Along with protein markers reflecting specific immune, vascular, or neuronal cell types, for example, the team described a proteomic clock based on cell type-specific protein patterns — a suite of molecular markers that made it possible to see faster-than-usual molecular aging alongside eye conditions such as proliferative diabetic retinopathy that are not typically linked to age.

"This protein clock is very different from other biological clocks where DNA in the blood is used but cannot predict the age of specific organs," Mahajan said. "We found strong evidence that different eye diseases accelerate aging of the eye [by] as much as 30 years, pointing to a potential need for 'anti-aging' therapies."

The team's data also highlighted Parkinson's disease-related retinal degradation features, while uncovering distinct sets of informative cell types during different stages of diabetic retinopathy.

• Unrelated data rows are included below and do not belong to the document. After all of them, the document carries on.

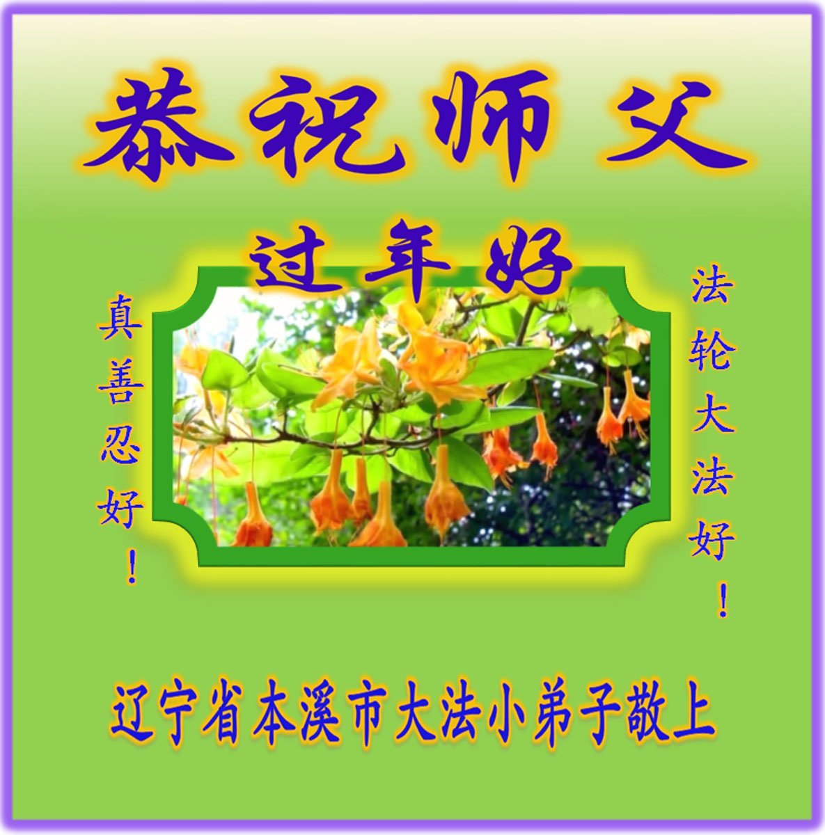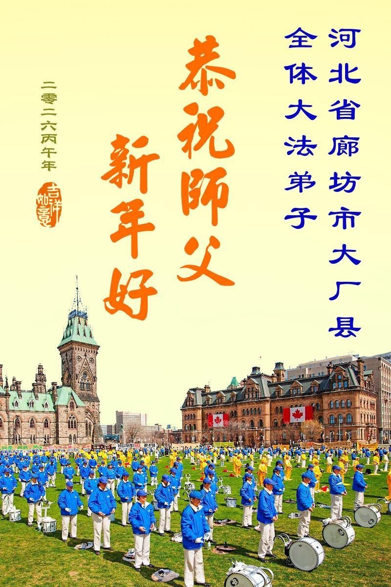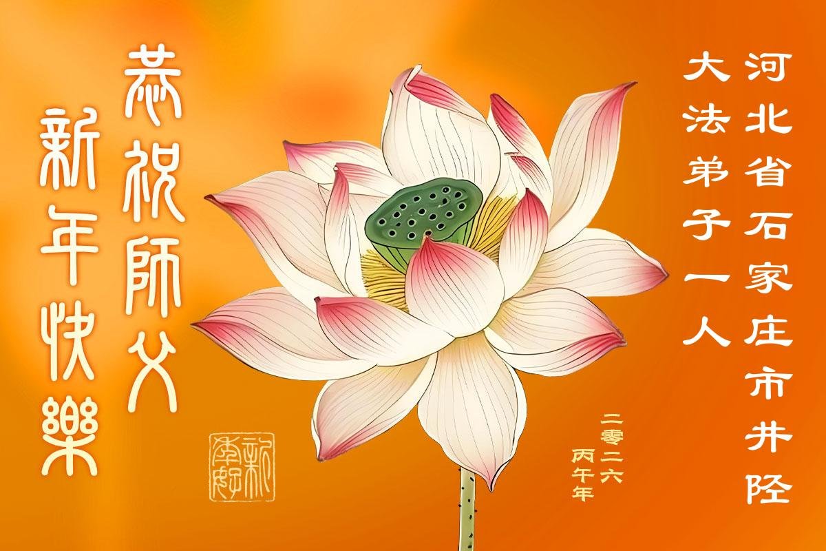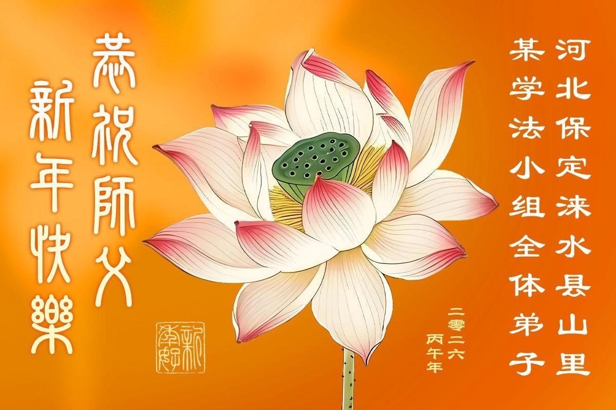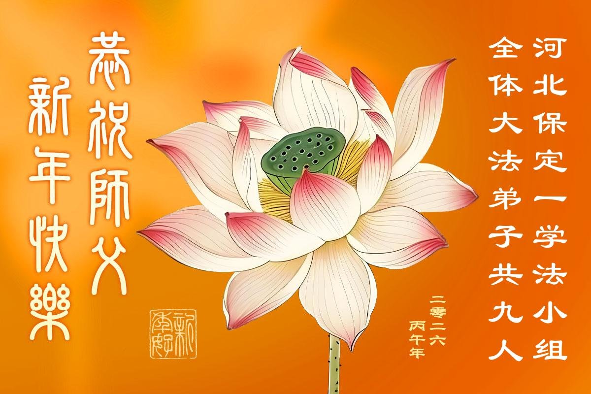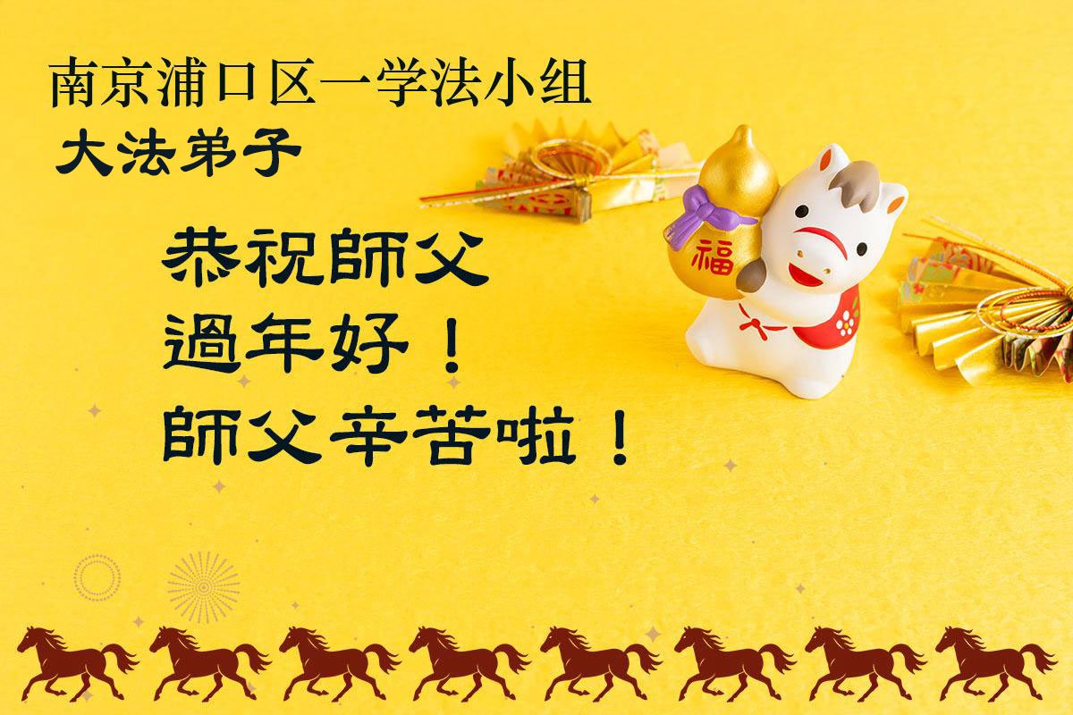 在新的一年到来之际,我们北京学法小组全体大法弟子向慈悲伟大的师尊拜年!师父您好!您辛苦了!我们有信心和决心在新的一年遵照师尊的谆谆教导,修去人心,做好三件事,学法修心向内找,讲真相,做个名副其实的大法弟子,跟师父回家。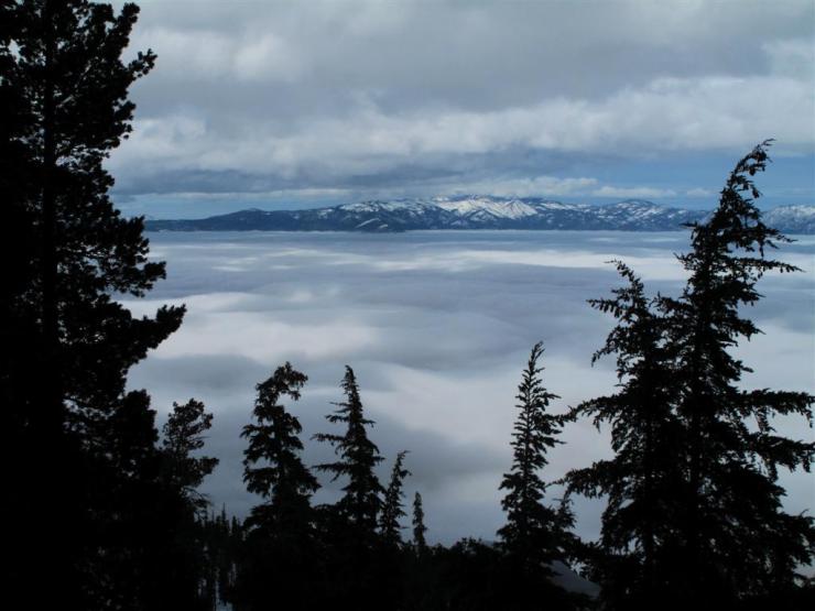The ToothBetsy and BodieTwo skiers and a dogLake Tahoe Winter Inversion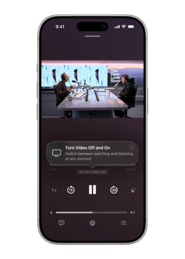 No app Apple Podcasts, para programas com vídeo, os usuários poderão alternar entre assistir e ouvir programas. Você poderá assistir a vídeos de dentro do aplicativo e passar para a exibição horizontal completa, bem como baixar vídeos para assistir offline. Os episódios de vídeo serão integrados aos recursos existentes do Apple Podcasts, incluindo recomendações personalizadas e curadoria editorial na guia “Novo” e nas páginas de categoria.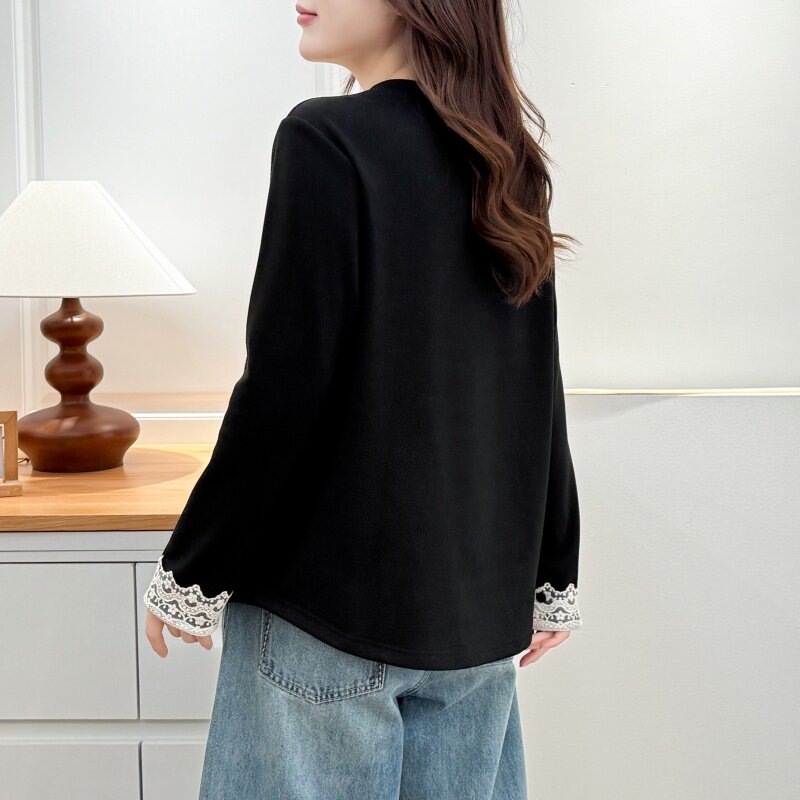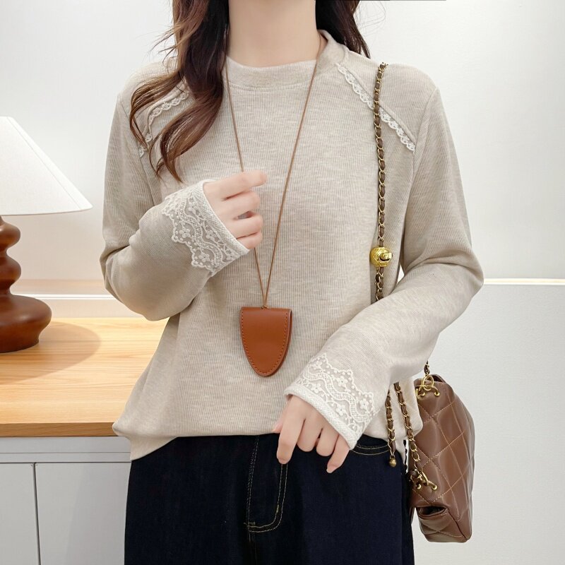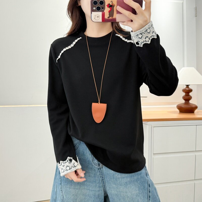 大码冬装新款蕾丝花边拼接长袖T恤女装圆领显瘦内搭加绒打底衫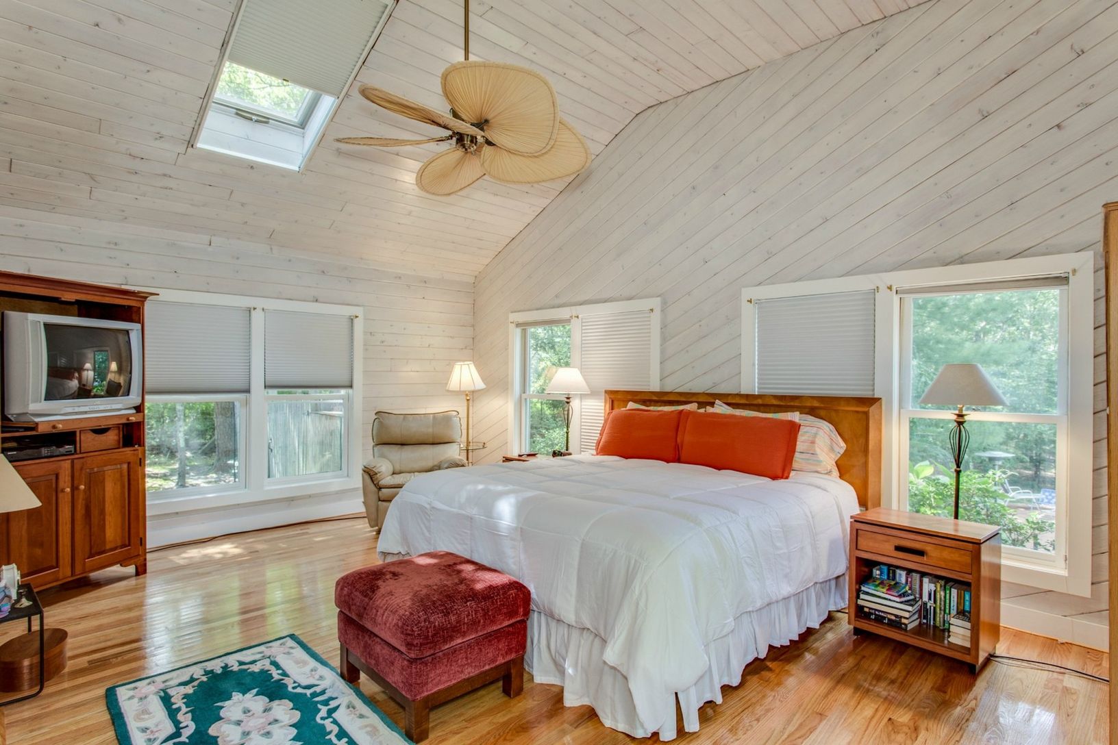 First offering! Fabulous Hamptons style home sited on a beautifully landscaped property abutting a reserve. Features include 3 bedrooms (consisting of a first floor master suite with fireplace, skylight, and windows on three sides), 3 bathrooms, living room with fireplace, eat-in kitchen and dining area, and an all purpose room currently set up as a gym and office area. Outside, the large deck with awning is perfect for entertaining, and th

More broadly, a similar approach may be applicable to fluid samples associated with other organ types, ranging from the brain or breast to kidney, lungs, joints, or cysts, the authors suggested, noting that the broad strategy used "has the potential to transform molecular diagnostics and prognostics while uncovering new cellular disease and aging mechanisms."

"By connecting high resolution protein data to specific cells, we can develop drugs and design better clinical trials with greater precision," Mahajan explained. "We expect researchers will apply this example of TEMPO in the eye to other human organs and diseases."